Joll argued that there were several factors present in all the belligerent countries that contributed to the “mood of 1914.” Chief among these was the short duration of time between disclosure of the Austrian ultimatum to Serbia and the outbreak of war, which the author believed “did not allow for much considered reflection about the implications of the crisis.” In addition, Joll argued that European governments “were very effective in convincing their citizens that they were the victims of aggression” and that they appealed “to immediate feelings of patriotism and self-preservation which proved stronger than any internationalist convictions.” This was especially true among anti-militarist and socialist groups among the belligerent nations, many of whom set aside their antiwar stances out of a sense of loyalty to their respective nations. Moreover, argued Joll, there existed a number of youth organizations, such as the Boy Scouts and the Jungdeutschlandbund, which instilled imperial and militant values among European youth in the decades prior to 1914. Finally, argued Joll, popular culture in the decades prior to the First World War – especially popular literature, which saw the rise of such genres as the spy novel and the invasion novel – contributed to the mood of 1914 through the prurient exploitation of themes of war and violence, creating societies for whom war seemed less frightening.

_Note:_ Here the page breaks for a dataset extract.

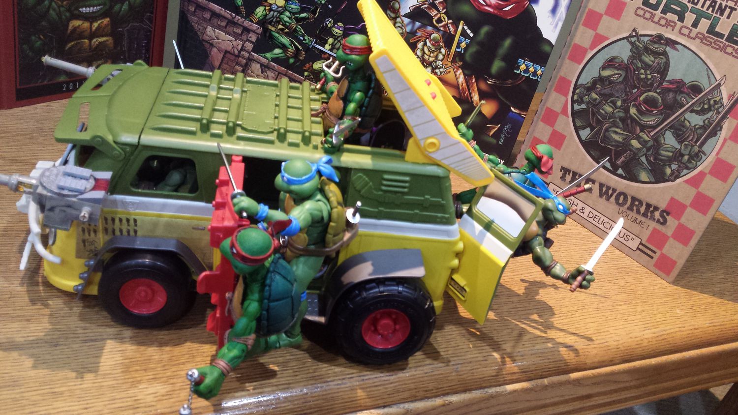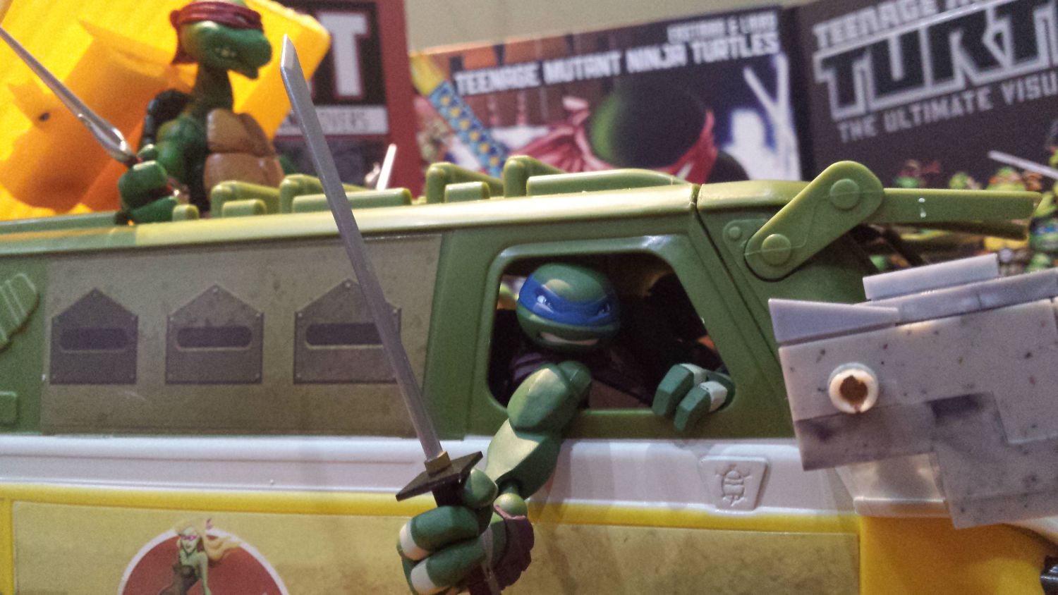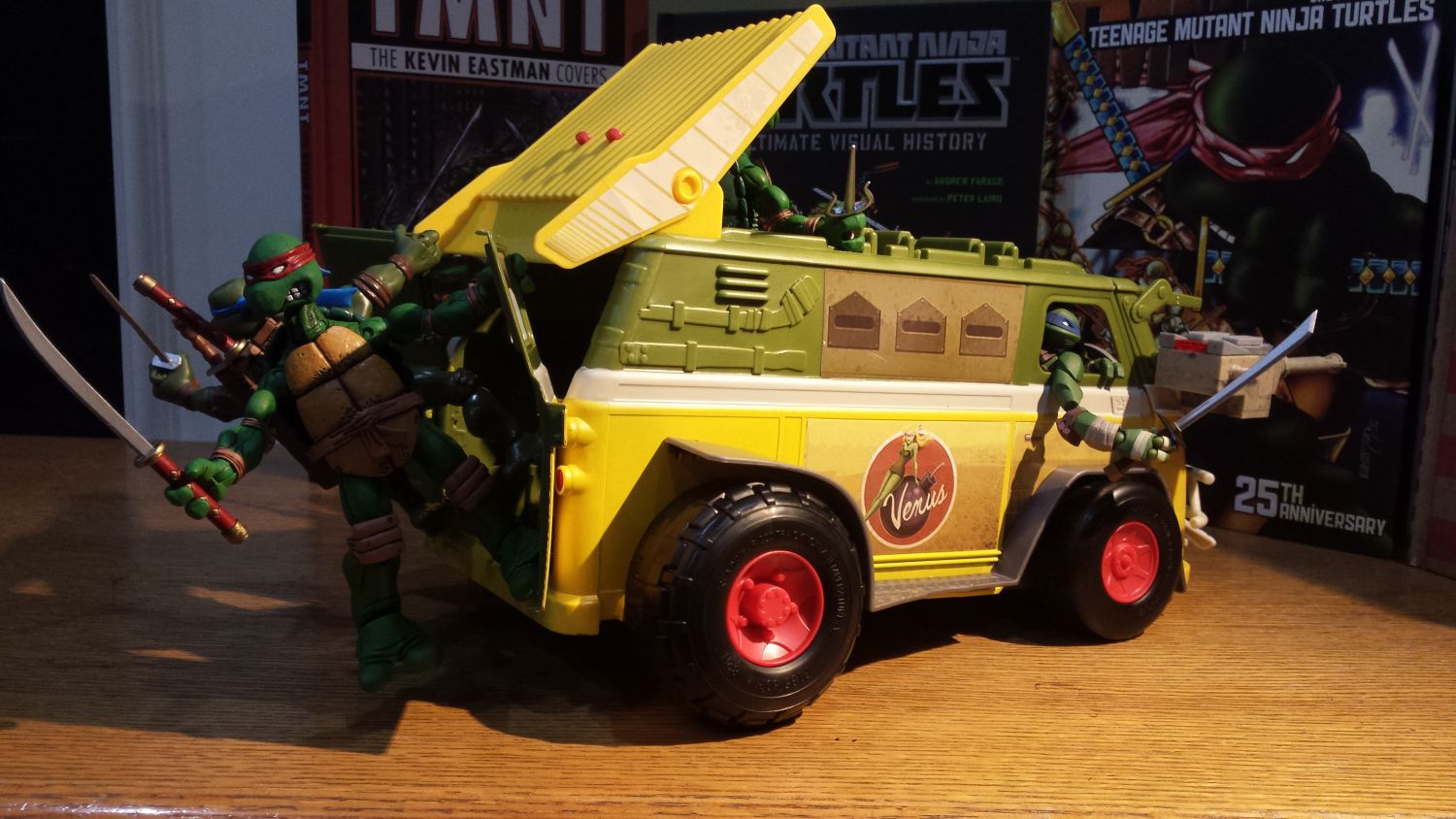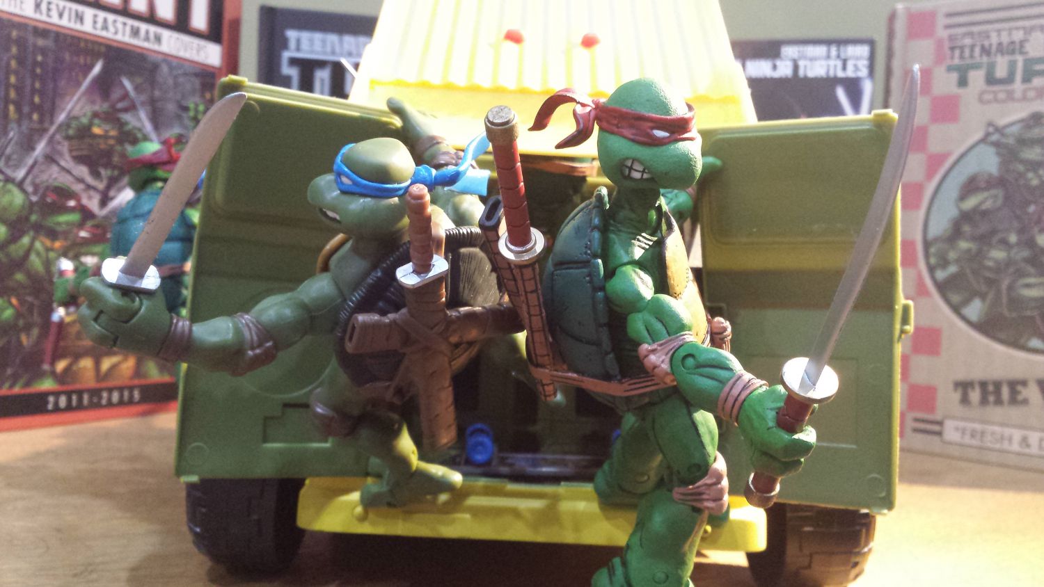 Turtles Forever! Turtles from 4 generations ward off attacks from all side of the party van. Revoltech Donnie is the driver..with revoltech Leo in the front cabin. Sh Figuarts Leo and Neca Mikey fighting off foot soldiers from the side door. Neca Raphael on the rooftop with 2003 Leo and Neca Leo defending the rear side of the van. Notice that two front cannons are formed from Mega Bloks..they are fully functional with light and sound at the press of a button.

The Origins of the First World War is a thorough examination of the causative factors in the outbreak of conflicts between European belligerents in 1914 and beyond. In addition, Joll provides historiographical references throughout the text, making this book useful to those seeking further enlightenment on the topic. The author also provided detailed maps for further edification, and included a concise bibliography for further reading. Readers looking for an in-depth discussion of the causes of the First World War need look no further than Joll’s commendable text.